School of Medicine, National University of Ireland, Galway, University Road, Galway, Ireland.
Luxembourg Centre for Systems Biomedicine, University of Luxembourg, Belvaux, Luxembourg.
Microbiome. 2019 May 15;7(1):75. doi: 10.1186/s40168-019-0689-3.
The human gut microbiome performs important functions in human health and disease. A classic example for host-gut microbial co-metabolism is host biosynthesis of primary bile acids and their subsequent deconjugation and transformation by the gut microbiome. To understand these system-level host-microbe interactions, a mechanistic, multi-scale computational systems biology approach that integrates the different types of omic data is needed. Here, we use a systematic workflow to computationally model bile acid metabolism in gut microbes and microbial communities.
Therefore, we first performed a comparative genomic analysis of bile acid deconjugation and biotransformation pathways in 693 human gut microbial genomes and expanded 232 curated genome-scale microbial metabolic reconstructions with the corresponding reactions (available at https://vmh.life ). We then predicted the bile acid biotransformation potential of each microbe and in combination with other microbes. We found that each microbe could produce maximally six of the 13 secondary bile acids in silico, while microbial pairs could produce up to 12 bile acids, suggesting bile acid biotransformation being a microbial community task. To investigate the metabolic potential of a given microbiome, publicly available metagenomics data from healthy Western individuals, as well as inflammatory bowel disease patients and healthy controls, were mapped onto the genomes of the reconstructed strains. We constructed for each individual a large-scale personalized microbial community model that takes into account strain-level abundances. Using flux balance analysis, we found considerable variation in the potential to deconjugate and transform primary bile acids between the gut microbiomes of healthy individuals. Moreover, the microbiomes of pediatric inflammatory bowel disease patients were significantly depleted in their bile acid production potential compared with that of controls. The contributions of each strain to overall bile acid production potential across individuals were found to be distinct between inflammatory bowel disease patients and controls. Finally, bottlenecks limiting secondary bile acid production potential were identified in each microbiome model.

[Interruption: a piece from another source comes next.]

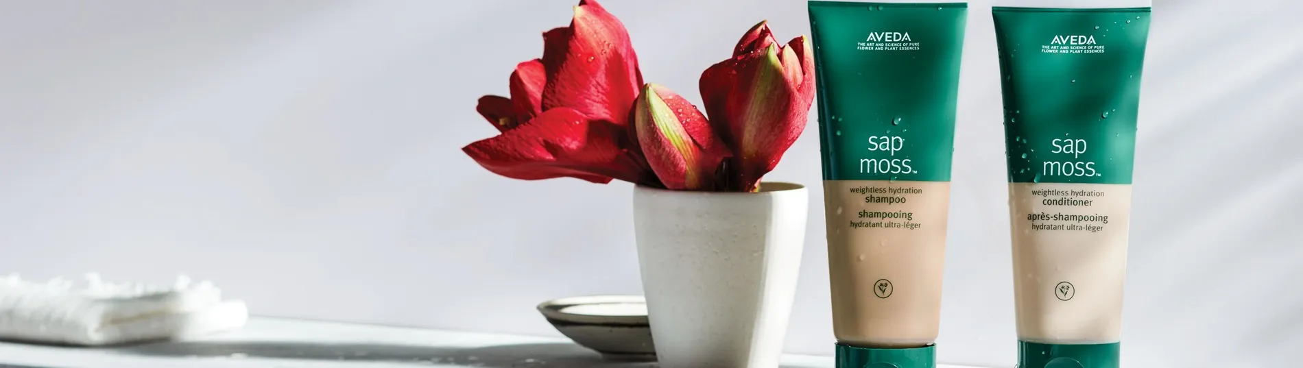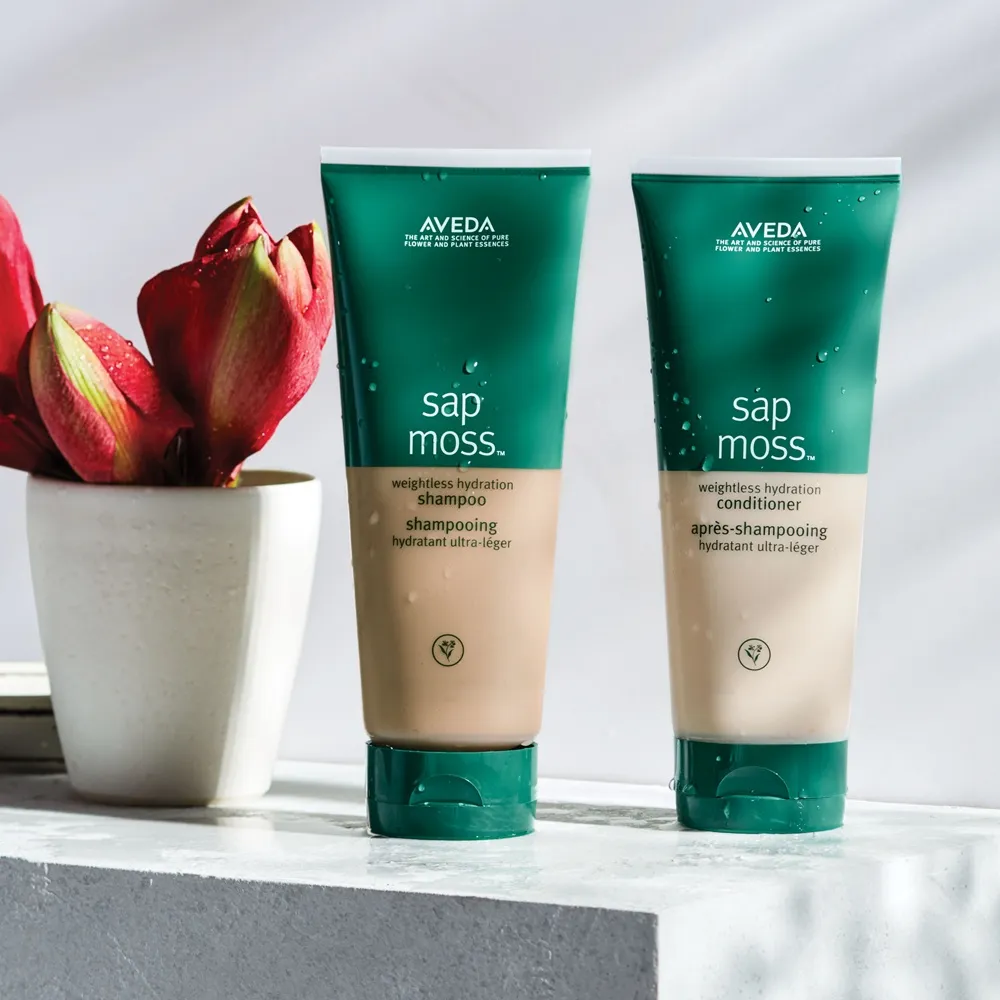 Sap Moss: Entdecke die verborgenen Kräfte von wertvollen Pflanzenextrakten und Moos in den Haarpflegeprodukten von Aveda.

This large-scale modeling approach provides a novel way of analyzing metagenomics data to accelerate our understanding of the metabolic interactions between the host and gut microbiomes in health and diseases states. Our models and tools are freely available to the scientific community.
人类肠道微生物组在人类健康和疾病中发挥着重要作用。宿主-肠道微生物共代谢的一个经典例子是宿主生物合成初级胆汁酸,然后由肠道微生物组对其进行去结合和转化。为了理解这些系统水平的宿主-微生物相互作用,需要一种整合不同类型组学数据的机制、多尺度计算系统生物学方法。在这里,我们使用一种系统的工作流程来计算模拟肠道微生物和微生物群落中的胆汁酸代谢。
因此,我们首先对 693 个人类肠道微生物基因组中的胆汁酸去结合和生物转化途径进行了比较基因组分析,并在 232 个经过验证的基因组规模微生物代谢重建中扩展了相应的反应(可在 https://vmh.life 上获得)。然后,我们预测了每个微生物的胆汁酸生物转化潜力,并结合其他微生物进行了预测。我们发现,每个微生物在计算机上最多可以产生 13 种次级胆汁酸中的 6 种,而微生物对可以产生多达 12 种胆汁酸,这表明胆汁酸生物转化是微生物群落的一项任务。为了研究给定微生物组的代谢潜力,我们将来自健康西方个体、炎症性肠病患者和健康对照的公开可用的宏基因组数据映射到重建菌株的基因组上。我们为每个人构建了一个大规模的个性化微生物群落模型,该模型考虑了菌株水平的丰度。通过通量平衡分析,我们发现健康个体的肠道微生物组在去结合和转化初级胆汁酸的潜力方面存在相当大的差异。此外,与对照组相比,儿科炎症性肠病患者的微生物组在胆汁酸产生潜力方面明显减少。在个体之间,每个菌株对整体胆汁酸产生潜力的贡献在炎症性肠病患者和对照组之间是不同的。最后,在每个微生物群落模型中都确定了限制次级胆汁酸产生潜力的瓶颈。
这种大规模建模方法为分析宏基因组数据提供了一种新方法,有助于加速我们对健康和疾病状态下宿主和肠道微生物组之间代谢相互作用的理解。我们的模型和工具可供科学界免费使用。